According to subclause 6.2.7 of the C Standard [ISO/IEC 9899:2011],

All declarations that refer to the same object or function shall have compatible type; otherwise, the behavior is undefined.

(See also undefined behavior 14 of Annex J.)

Further, according to subclause 6.4.2.1,

Any identifiers that differ in a significant character are different identifiers. If two identifiers differ only in nonsignificant characters, the behavior is undefined.

(See also undefined behavior 30 of Annex J.)

Identifiers in mutually visible scopes must be deemed unique by the compiler to prevent confusion about which variable or function is being referenced. Implementations can allow additional nonunique characters to be appended to the end of identifiers, making the identifiers appear unique while actually being indistinguishable.

It is reasonable for scopes that are not visible to each other to have duplicate identifiers. For example, two functions can each have a local variable with the same name because their scopes cannot access each other. But a function's local variable names should be distinct from each other as well as from all static variables declared within the function's file (and from all included header files.)

To guarantee that identifiers are unique, the number of significant characters recognized by the most restrictive compiler used must be determined. This assumption must be documented in the code.

The standard defines the following minimum requirements:

  • 63 significant initial characters in an internal identifier or a macro name. (Each universal character name or extended source character is considered a single character.)
  • 31 significant initial characters in an external identifier. (Each universal character name specifying a short identifier of 0000FFFF or less is considered 6 characters; each universal character name specifying a short identifier of 00010000 or more is considered 10 characters; and each extended source character, if any exist, is considered the same number of characters as the corresponding universal character name.)

Restriction of the significance of an external name to fewer than 255 characters in the standard (considering each universal character name or extended source character as a single character) is an obsolescent feature that is a concession to existing implementations. As a result, it is not necessary to comply with this restriction as long as the identifiers are unique and the assumptions concerning the number of significant characters are documented.

Noncompliant Code Example (Source Character Set)

On implementations that support only the minimum requirements for significant characters required by the standard, this code example is noncompliant because the first 31 characters of the external identifiers are identical:

extern int *global_symbol_definition_lookup_table_a;
extern int *global_symbol_definition_lookup_table_b;

Compliant Solution (Source Character Set)

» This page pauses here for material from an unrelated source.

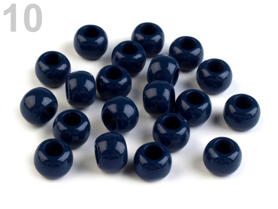 Plastové korálky s velkým průvlekem mají vysoce lesklý povrch.

In a compliant solution, the significant characters in each identifier must differ:

extern int *a_global_symbol_definition_lookup_table;
extern int *b_global_symbol_definition_lookup_table;

Noncompliant Code Example (Universal Character Names)

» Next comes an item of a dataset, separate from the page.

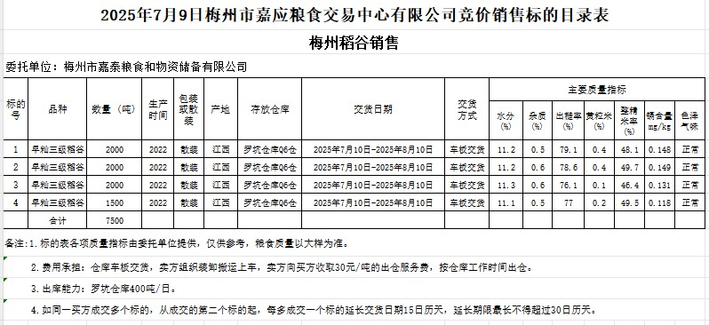 2025年7月9日梅州市嘉泰糧食和物資儲備有限公司稻谷銷售

In this noncompliant code example, both external identifiers consist of four universal character names. Because the first three universal character names of each identifier are identical, both identify the same integer array on implementations that support only the minimum requirements for significant characters required by the standard:

extern int *\U00010401\U00010401\U00010401\U00010401;
extern int *\U00010401\U00010401\U00010401\U00010402;

Compliant Solution (Universal Character Names)

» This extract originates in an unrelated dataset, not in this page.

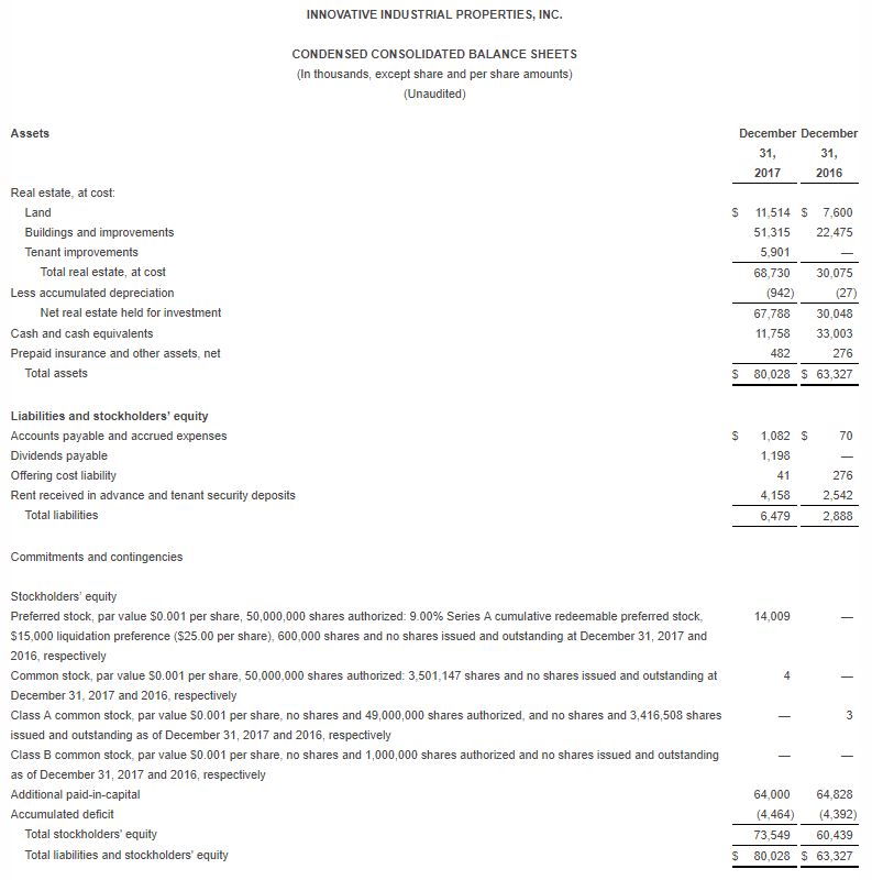 Innovative Industrial Properties Reports Fourth Quarter and Full-Year 2017 Results

For portability, the first three universal character name combinations used in an identifier must be unique:

extern int *\U00010401\U00010401\U00010401\U00010401;
extern int *\U00010402\U00010401\U00010401\U00010401;

Risk Assessment

Nonunique identifiers can lead to abnormal program termination, denial-of-service attacks, or unintended information disclosure.

Rule

Severity

Likelihood

Remediation Cost

Priority

Level

DCL23-C

Medium

Unlikely

Low

P6

L2

Automated Detection

Tool

Version

Checker

Description

Astrée
24.04

Supported indirectly via MISRA C:2012 Rules 5.1, 5.2, 5.3, 5.4 and 5.5.
Axivion Bauhaus Suite

7.2.0

CertC-DCL23
CodeSonar
8.1p0

LANG.ID.ND.EXT
LANG.ID.ND.MM
LANG.ID.ND.MO
LANG.ID.ND.NEST
LANG.ID.ND.SS

LANG.ID.NU.EXT
LANG.ID.NU.INT
LANG.ID.NU.LIBFN
LANG.ID.NU.TAG
LANG.ID.NU.TYPE

LANG.STRUCT.DECL.MGT

Non-distinct identifiers: external names
Non-distinct identifiers: macro/macro
Non-distinct identifiers: macro/other
Non-distinct identifiers: nested scope
Non-distinct identifiers: same scope

Non-unique identifiers: external name
Non-unique identifiers: internal name
Library Function Override
Non-unique identifiers: tag
Non-unique identifiers: typedef

Global variable declared with different types

Compass/ROSE



Can detect some violations of this rule but cannot flag violations involving universal names

Helix QAC

2024.4

C0627, C0776, C0777, C0778, C0779, C0789, C0791, C0793


Klocwork
2024.4
MISRA.IDENT.DISTINCT.C99.2012
LDRA tool suite
9.7.1

17 D
355 S
61 X

Fully implemented

PC-lint Plus

1.4

621

Fully supported

Polyspace Bug Finder

R2024a

CERT C: Rec. DCL23-C


Checks for:

  • External identifiers not distinct
  • Identifiers in same scope and namespace not distinct
  • Macro identifier not distinct
  • Name for macros and identifiers not distinct

Rec. fully covered.

RuleChecker

24.04


Supported indirectly via MISRA C:2012 Rules 5.1, 5.2, 5.3, 5.4 and 5.5.
SonarQube C/C++ Plugin
3.11
IdentifierLongerThan31

Related Vulnerabilities

Search for vulnerabilities resulting from the violation of this rule on the CERT website.

Related Guidelines

ISO/IEC TR 24772:2013Choice of Clear Names [NAI]
Identifier Name Reuse [YOW]
MISRA C:2012

Rule 5.1 (required)
Rule 5.2 (required)
Rule 5.3 (required)
Rule 5.4 (required)
Rule 5.5 (required)

Bibliography

[ISO/IEC 9899:2011]

Subclause 6.2.7, "Compatible Type and Composite Type"
Subclause 6.4.1, "Keywords"



5 Comments

  1. Really long identifiers are bad anyway, from a human-factors perspective.  Two 31-character identifiers that differ only in the 20th character are likely to be mistaken for each other, and take too long to comprehend when reading the code.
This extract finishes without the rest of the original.